Images are to be omitted, and the rest of the records reproduced exactly.

╭──

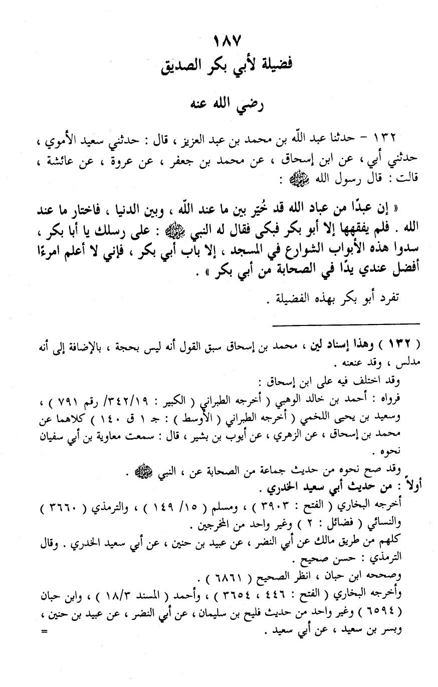 132 - حَدَّثَنَا عَبْدُ اللَّهِ بْنُ مُحَمَّدِ بْنِ عَبْدِ الْعَزِيزِ، قَالَ: حَدَّثَنِي سَعِيدٌ الْأُمَوِيُّ، حَدَّثَنِي أَبِي، عَنِ ابْنِ إِسْحَاقَ، عَنْ مُحَمَّدِ بْنِ جَعْفَرٍ، عَنْ عُرْوَةَ، عَنْ عَائِشَةَ، قَالَتْ: قَالَ رَسُولُ اللَّهِ صَلَّى اللهُ عَلَيْهِ وَسَلَّمَ: «إِنَّ §عَبْدًا مِنْ عِبَادِ اللَّهِ قَدْ خُيِّرَ بَيْنَ مَا عِنْدَ اللَّهِ، وَبَيْنَ الدُّنْيَا، فَاخْتَارَ مَا عِنْدَ اللَّهِ» . فَلَمْ يَفْقَهْهَا إِلَّا أَبُو بَكْرٍ؛ فَبَكَى، فَقَالَ لَهُ النَّبِيُّ صَلَّى اللهُ عَلَيْهِ وَسَلَّمَ: «عَلَى رِسْلِكَ يَا أَبَا بَكْرٍ، سُدُّوا هَذِهِ الْأَبْوَابَ الشَّوَارِعَ فِي الْمَسْجِدِ، إِلَّا بَابَ أَبِي بَكْرٍ، فَإِنِّي لَا أَعْلَمُ امْرَءًا أَفْضَلَ عِنْدِي يَدًا فِي الصَّحَابَةِ مِنْ أَبِي بَكْرٍ» تَفَرَّدَ أَبُو بَكْرٍ بِهَذِهِ الْفَضِيلَةِ.
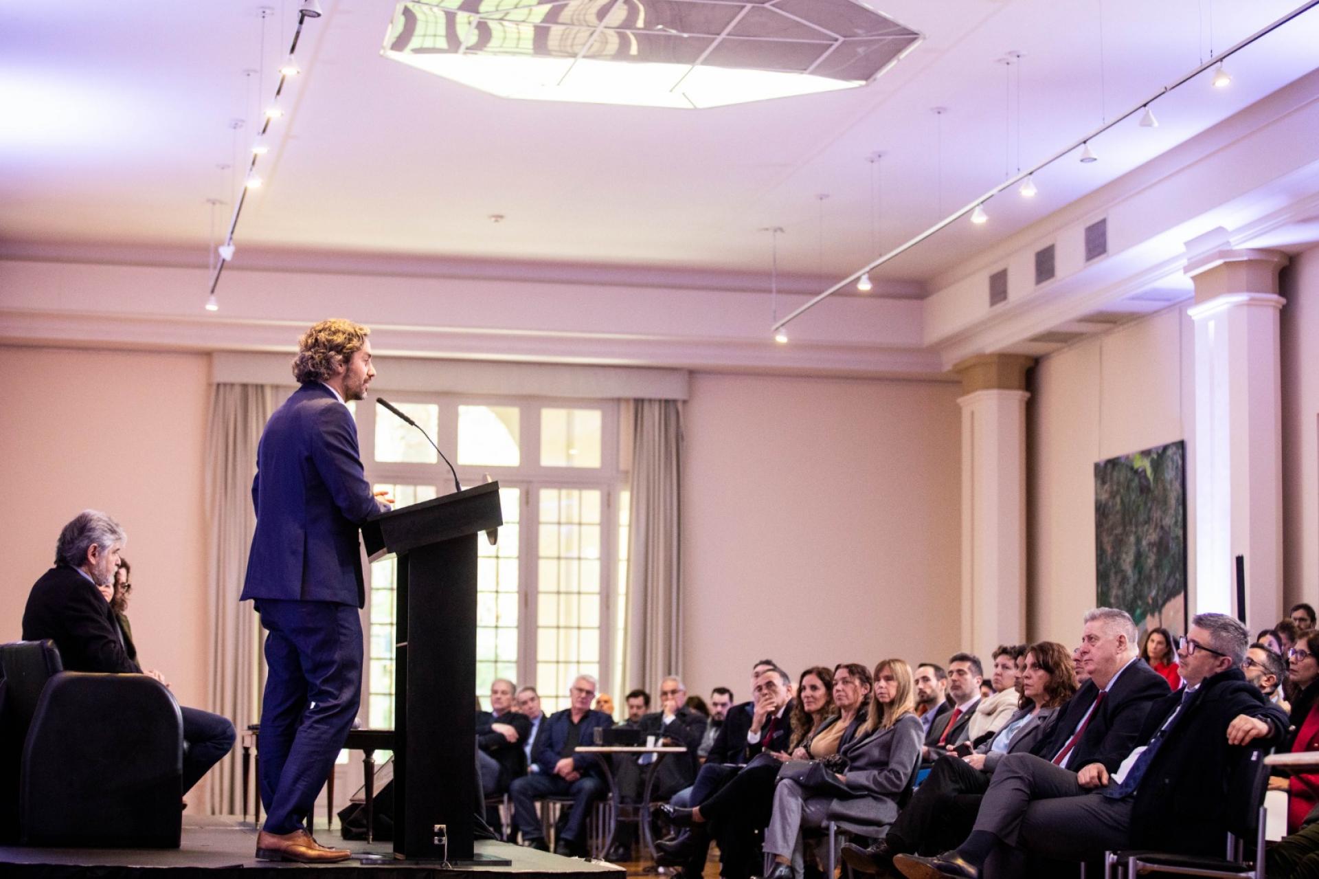 El canciller Santiago Cafiero junto a la ministra de Salud, Carla Vizzotti, y su par de Ciencia, Tecnología e Innovación, Daniel Filmus, dieron apertura a la Jornada de Innovación y Salud del Mercosur, que se realiza en el Palacio San Martín de la Ciudad de Buenos Aires en el marco del X Foro Empresarial del Mercosur.
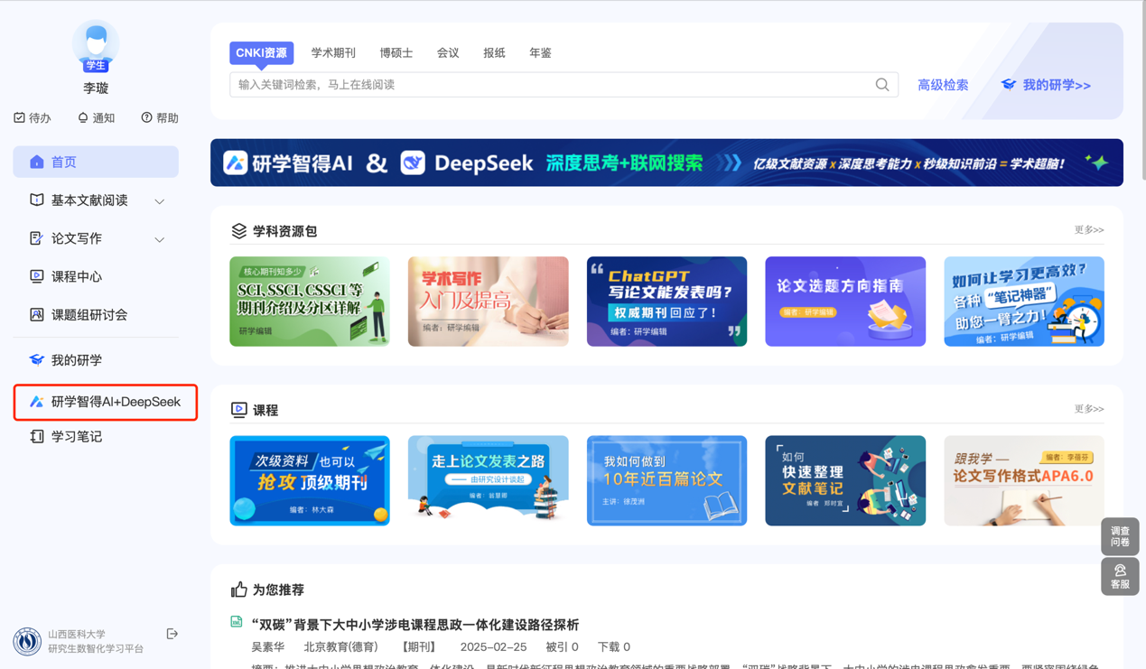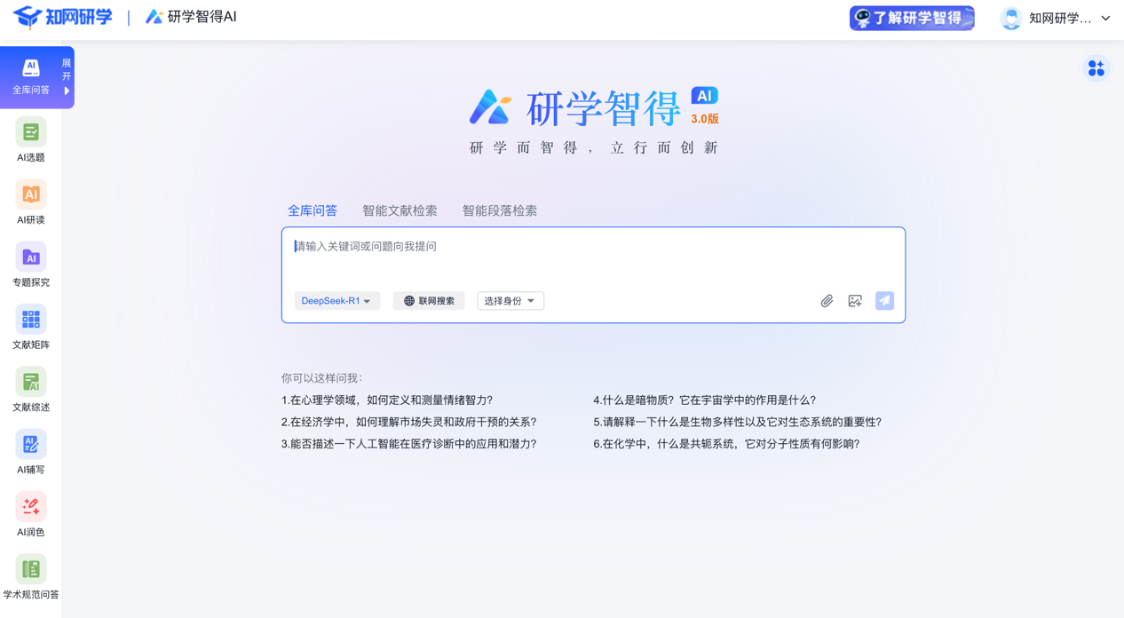 3. 功能體驗(yàn):進(jìn)入系統(tǒng)后,點(diǎn)擊左側(cè)導(dǎo)航欄【研學(xué)智得AI+DeepSeek】,即可開(kāi)啟智能科研服務(wù)。
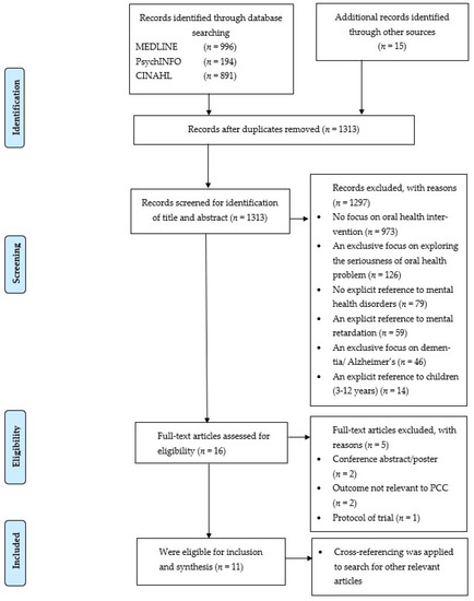 - Adams, C.E.; Wells, N.C.; Clifton, A.; Jones, H.; Simpson, J.; Tosh, G.; Callaghan, P.; Liddle, P.; Guo, B.; Furtado, V.; et al. Monitoring Oral Health of People in Early Intervention for Psychosis (EIP) Teams: The Extended Three Shires Randomised Trial. Int. J. Nurs. Stud. 2018, 77, 106–114. [Google Scholar] [CrossRef]
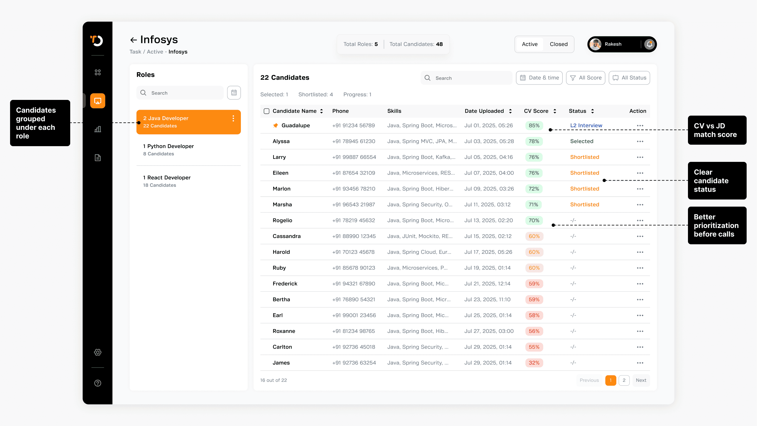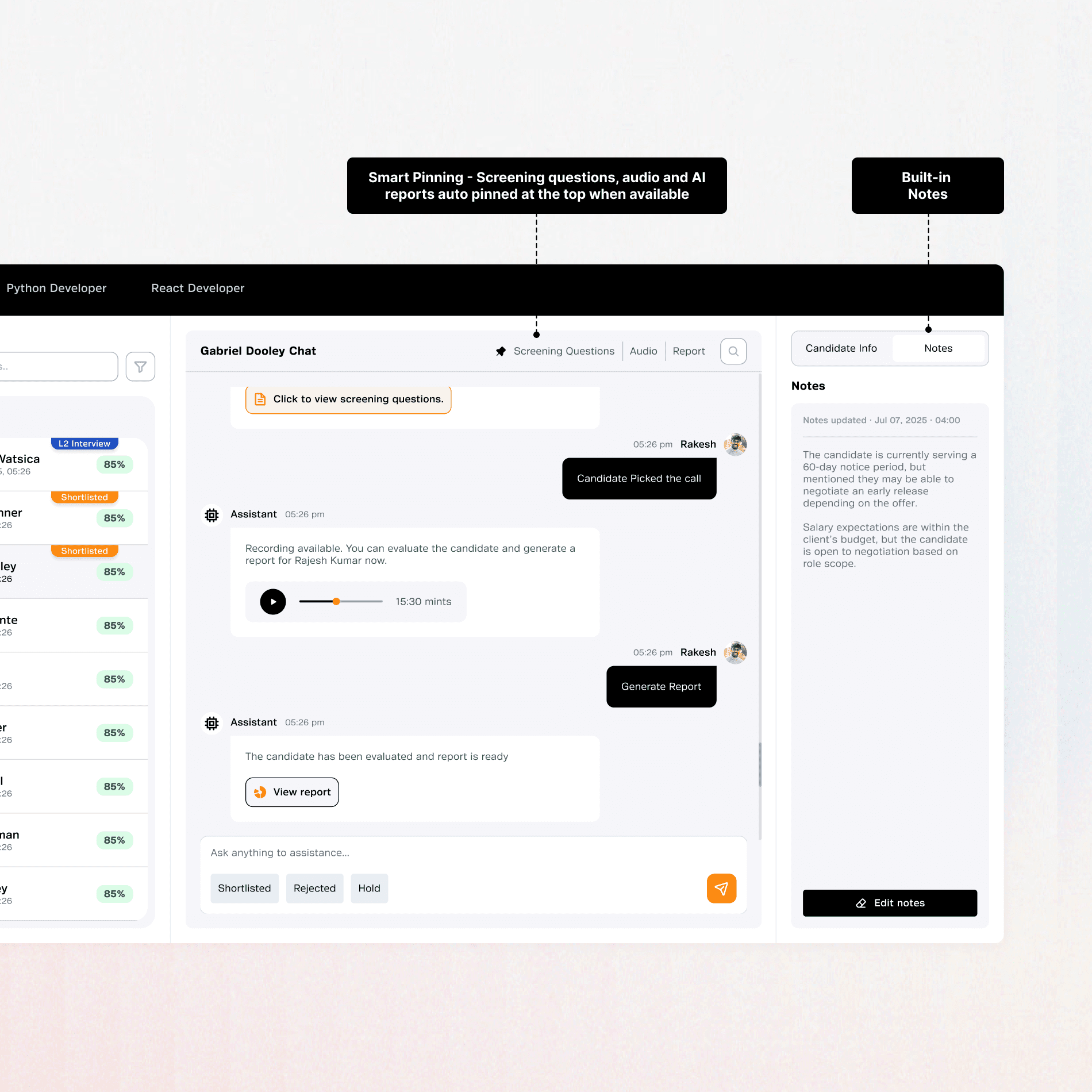 Updating candidate status was slow. Recruiters had to open the profile and come back each time, which felt tiring during back-to-back calls. Switching between candidates also took too many steps.
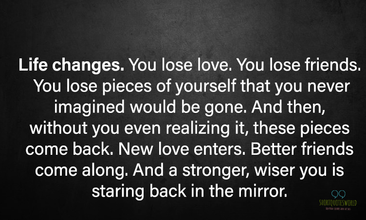 Life changes; you lose love, you lose friends, you lose pieces of yourself that you never imagined could be gone, and then without you even realizing it, these pieces come back.
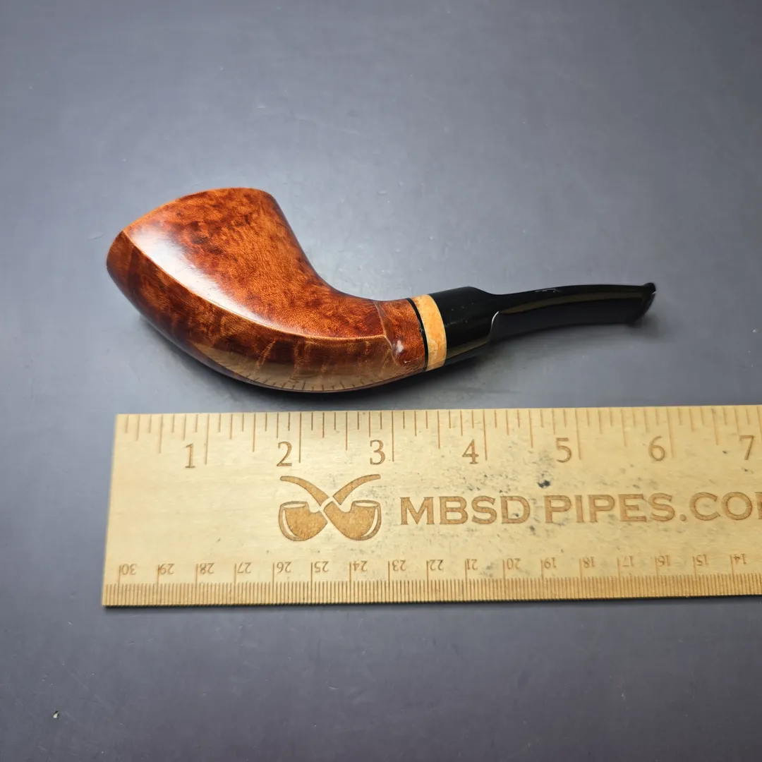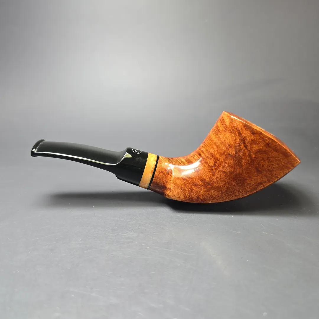 In the case of this Jirsa, there’s a clear Danish influence, though one that takes some of the designs of the Danish movement and pushes them even further than is typical. The shape is more or less a cobra, though one whose signature “hood” has been broadened at the bowl’s front, before being “furled” in at the shank end. In a way, it’s even more “cobra” than the Danish cobra, and uses this property to its fullest advantage in terms of maximizing space to show off grain patterns. The accent is also a nice touch—acrylic, but in hues that are almost mineral, or amber-like.

╰──

#### Solution to the exercise
 132 - حَدَّثَنَا عَبْدُ اللَّهِ بْنُ مُحَمَّدِ بْنِ عَبْدِ الْعَزِيزِ، قَالَ: حَدَّثَنِي سَعِيدٌ الْأُمَوِيُّ، حَدَّثَنِي أَبِي، عَنِ ابْنِ إِسْحَاقَ، عَنْ مُحَمَّدِ بْنِ جَعْفَرٍ، عَنْ عُرْوَةَ، عَنْ عَائِشَةَ، قَالَتْ: قَالَ رَسُولُ اللَّهِ صَلَّى اللهُ عَلَيْهِ وَسَلَّمَ: «إِنَّ §عَبْدًا مِنْ عِبَادِ اللَّهِ قَدْ خُيِّرَ بَيْنَ مَا عِنْدَ اللَّهِ، وَبَيْنَ الدُّنْيَا، فَاخْتَارَ مَا عِنْدَ اللَّهِ» . فَلَمْ يَفْقَهْهَا إِلَّا أَبُو بَكْرٍ؛ فَبَكَى، فَقَالَ لَهُ النَّبِيُّ صَلَّى اللهُ عَلَيْهِ وَسَلَّمَ: «عَلَى رِسْلِكَ يَا أَبَا بَكْرٍ، سُدُّوا هَذِهِ الْأَبْوَابَ الشَّوَارِعَ فِي الْمَسْجِدِ، إِلَّا بَابَ أَبِي بَكْرٍ، فَإِنِّي لَا أَعْلَمُ امْرَءًا أَفْضَلَ عِنْدِي يَدًا فِي الصَّحَابَةِ مِنْ أَبِي بَكْرٍ» تَفَرَّدَ أَبُو بَكْرٍ بِهَذِهِ الْفَضِيلَةِ.
 El canciller Santiago Cafiero junto a la ministra de Salud, Carla Vizzotti, y su par de Ciencia, Tecnología e Innovación, Daniel Filmus, dieron apertura a la Jornada de Innovación y Salud del Mercosur, que se realiza en el Palacio San Martín de la Ciudad de Buenos Aires en el marco del X Foro Empresarial del Mercosur.
 3. 功能體驗(yàn):進(jìn)入系統(tǒng)后,點(diǎn)擊左側(cè)導(dǎo)航欄【研學(xué)智得AI+DeepSeek】,即可開(kāi)啟智能科研服務(wù)。
 - Adams, C.E.; Wells, N.C.; Clifton, A.; Jones, H.; Simpson, J.; Tosh, G.; Callaghan, P.; Liddle, P.; Guo, B.; Furtado, V.; et al. Monitoring Oral Health of People in Early Intervention for Psychosis (EIP) Teams: The Extended Three Shires Randomised Trial. Int. J. Nurs. Stud. 2018, 77, 106–114. [Google Scholar] [CrossRef]
 Updating candidate status was slow. Recruiters had to open the profile and come back each time, which felt tiring during back-to-back calls. Switching between candidates also took too many steps.
 Life changes; you lose love, you lose friends, you lose pieces of yourself that you never imagined could be gone, and then without you even realizing it, these pieces come back.
 In the case of this Jirsa, there’s a clear Danish influence, though one that takes some of the designs of the Danish movement and pushes them even further than is typical. The shape is more or less a cobra, though one whose signature “hood” has been broadened at the bowl’s front, before being “furled” in at the shank end. In a way, it’s even more “cobra” than the Danish cobra, and uses this property to its fullest advantage in terms of maximizing space to show off grain patterns. The accent is also a nice touch—acrylic, but in hues that are almost mineral, or amber-like.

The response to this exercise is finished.